“How do we optimally bid for Spot Instances to ensure that it is retained for the duration of the workload?” Simple question, right? Yes. Are you kidding? No, it is the answer that is complex! The more you dig into it, the more you realize how deep the web really is.
In this post, I will give you a peek into Spot Instances retention strategies to employ for running your workloads with ease. This post is an embodiment of the adage, “A picture is worth a thousand words.”
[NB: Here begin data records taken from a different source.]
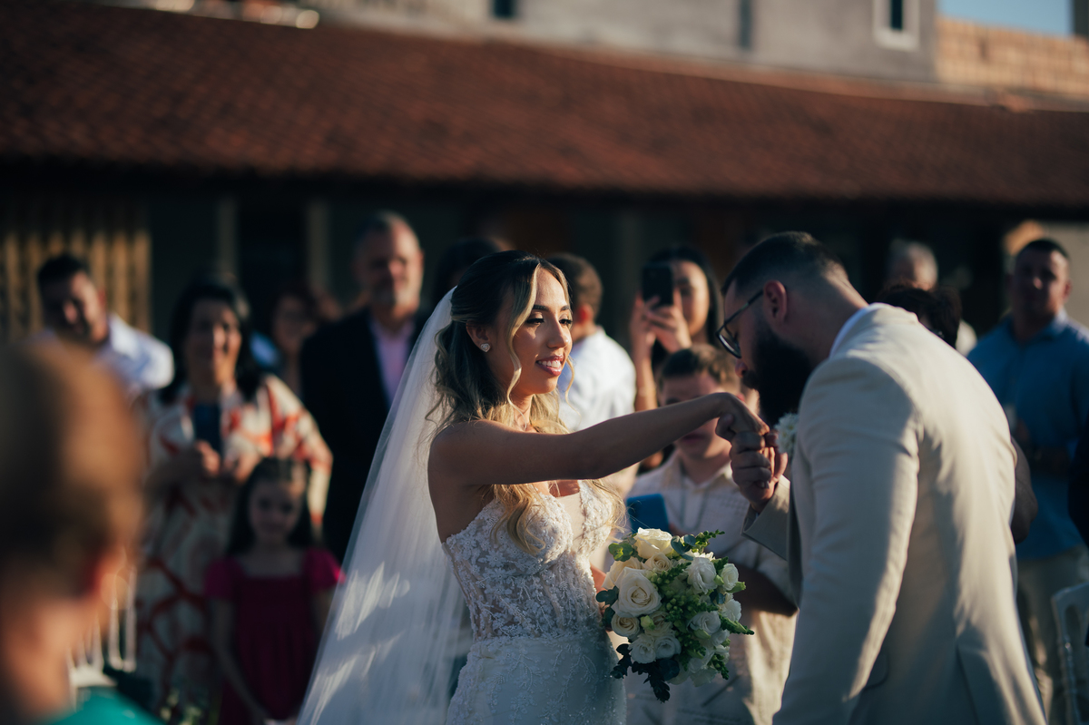 Sarah é intensidade pura, cheia de ideias, de brilho no olhar e com um coração enorme. Estava tão entregue ao seu grande dia que mal conseguia conter a energia! Alinhamos a ansiedade logo no making of para que ela pudesse viver cada momento com calma e presença… E quase transformamos tudo num editorial, de tantas fotos incríveis que surgiram.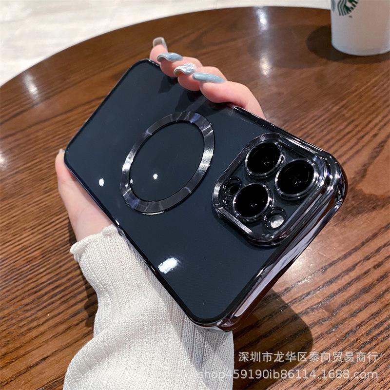 Transparent-black [magsafe magnetic suction shell, silicone men and women, airbag drop-resistant, transparent soft shell]]
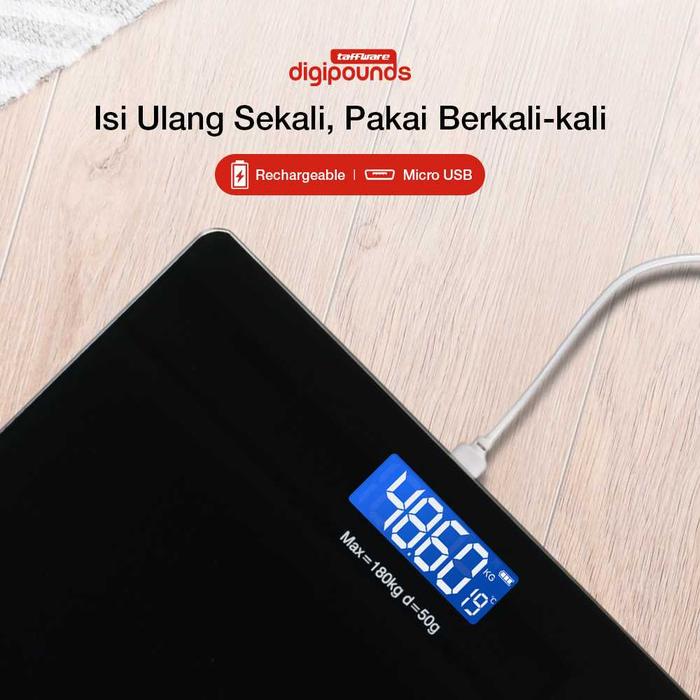 [ USEA x Taffware ] Digipounds Timbangan Pengukur Berat Badan Digital Scale Rechargeable 180kg - SC-12U - Hitam

A recap – Spot Instances are spare computing capacity available at deeply discounted prices. AWS allows users to bid on unused EC2 capacity in a region at any given point and run those instances for as long as their bid exceeds the current Spot Price. The Spot Price changes periodically based on supply and demand, and all users bids that meet or exceed it gain access to the available Spot Instances.
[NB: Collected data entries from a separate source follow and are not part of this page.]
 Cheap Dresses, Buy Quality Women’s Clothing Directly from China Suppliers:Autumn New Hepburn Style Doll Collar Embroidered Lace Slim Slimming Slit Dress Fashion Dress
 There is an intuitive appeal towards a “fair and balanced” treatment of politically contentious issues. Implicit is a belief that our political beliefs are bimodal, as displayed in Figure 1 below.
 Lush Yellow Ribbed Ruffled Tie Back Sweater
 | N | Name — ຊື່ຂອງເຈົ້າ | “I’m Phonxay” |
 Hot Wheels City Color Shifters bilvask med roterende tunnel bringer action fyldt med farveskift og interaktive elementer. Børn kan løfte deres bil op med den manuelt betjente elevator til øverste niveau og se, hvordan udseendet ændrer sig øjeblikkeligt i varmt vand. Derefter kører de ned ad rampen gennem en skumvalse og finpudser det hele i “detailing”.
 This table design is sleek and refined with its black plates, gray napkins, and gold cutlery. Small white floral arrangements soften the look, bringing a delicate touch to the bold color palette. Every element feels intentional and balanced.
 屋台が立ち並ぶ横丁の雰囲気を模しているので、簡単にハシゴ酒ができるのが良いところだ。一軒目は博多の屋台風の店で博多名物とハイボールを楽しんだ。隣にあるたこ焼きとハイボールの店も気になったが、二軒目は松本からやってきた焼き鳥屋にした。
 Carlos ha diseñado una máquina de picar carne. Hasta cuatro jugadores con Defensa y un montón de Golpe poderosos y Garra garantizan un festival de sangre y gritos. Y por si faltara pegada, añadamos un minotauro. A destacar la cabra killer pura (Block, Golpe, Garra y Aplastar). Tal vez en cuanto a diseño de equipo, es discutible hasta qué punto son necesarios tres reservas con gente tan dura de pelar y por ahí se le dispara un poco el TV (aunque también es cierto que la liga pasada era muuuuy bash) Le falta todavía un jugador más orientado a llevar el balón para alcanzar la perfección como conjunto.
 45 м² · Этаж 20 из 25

Spot Instances, by design, can be taken away from you anytime. Retaining a Spot Instance isn’t just about bidding at an optimum price. Lots of other considerations have to be thought through. Name a few, you ask? Sure, here goes –
Choosing an optimum Bid Price
Selecting a (similar) instance type
Opting for the right Availability Zone
Typical Workload Scenario
Consider the following example: A batch workload, running daily at 12:00AM UTC+0530, picks files from an S3 bucket, transcodes those into HD format, and stores the results back into the same bucket. The entire process takes 8 hours on an m3.large instance.
The above graph shows the Spot Instance Pricing History for m3.large for the last 3 months. There are lots of spikes in us-east-1e. It is definitely not a good Availability Zone to launch our Spot Instances. us-east-1b has two spikes. It is better than us-east-1e, but we can do better. us-east-1a and us-east-1d have no spikes at all. These are the Availability Zones you should prefer as a first step.
Between us-east-1a and us-east-1d, which is the better Availability Zone? Let’s look at their Spot Instance Pricing History separately.
us-east-1a shows five tiny spikes in Spot Price while us-east-1d shows three. Clearly, us-east-1d is the slightly better Availability Zone.
Setting the bid price at 0.055 USD or more will ensure that m3.large Spot Instances will be retained for the duration of the workload.
What if you want to run your workload on m4.large?
It is apparent that all Availability Zones have huge spikes. m4.large itself is not a good instance type. We should now start considering similar instances.
m4.large has a hardware specification – 2 vCPU and 8 Mem (GiB). Similar instances, considering a percentage variance of Mem (GiB), would be m3.large – 2 vCPU and 7.5 Mem (GiB) and c4.xlarge – 4 vCPU and 7.5 Mem (GiB).
Again, us-east-1e has a high spike occurrence. The safest Availability Zone would be us-east-1d. The Spot Instance Pricing History of us-east-1d for c4.xlarge is –
The average Spot Price for c4.xlarge hovers around 0.04 USD, while that of m3.large is 0.02 USD. The most similar instance for m4.large, with all else being equal, is m3.large and you should choose this instance and run your workload in us-east-1d at a bid price of 0.055 USD.
Did you notice the complex set of steps involved in choosing the right Availability Zone, zeroing in on the best instance type, and setting the optimum bid price? Now extrapolate it to 14 regions, 38 Availability Zones, and 600+ bidding variations. We haven’t even considered when is a good time to run your workload. If your workload start times can be flexible, give or take a few hours, then you might get an additional savings of up to 15%. And yes, we are getting our hands dirty in the elusive domains of Pattern Recognition and Machine Learning.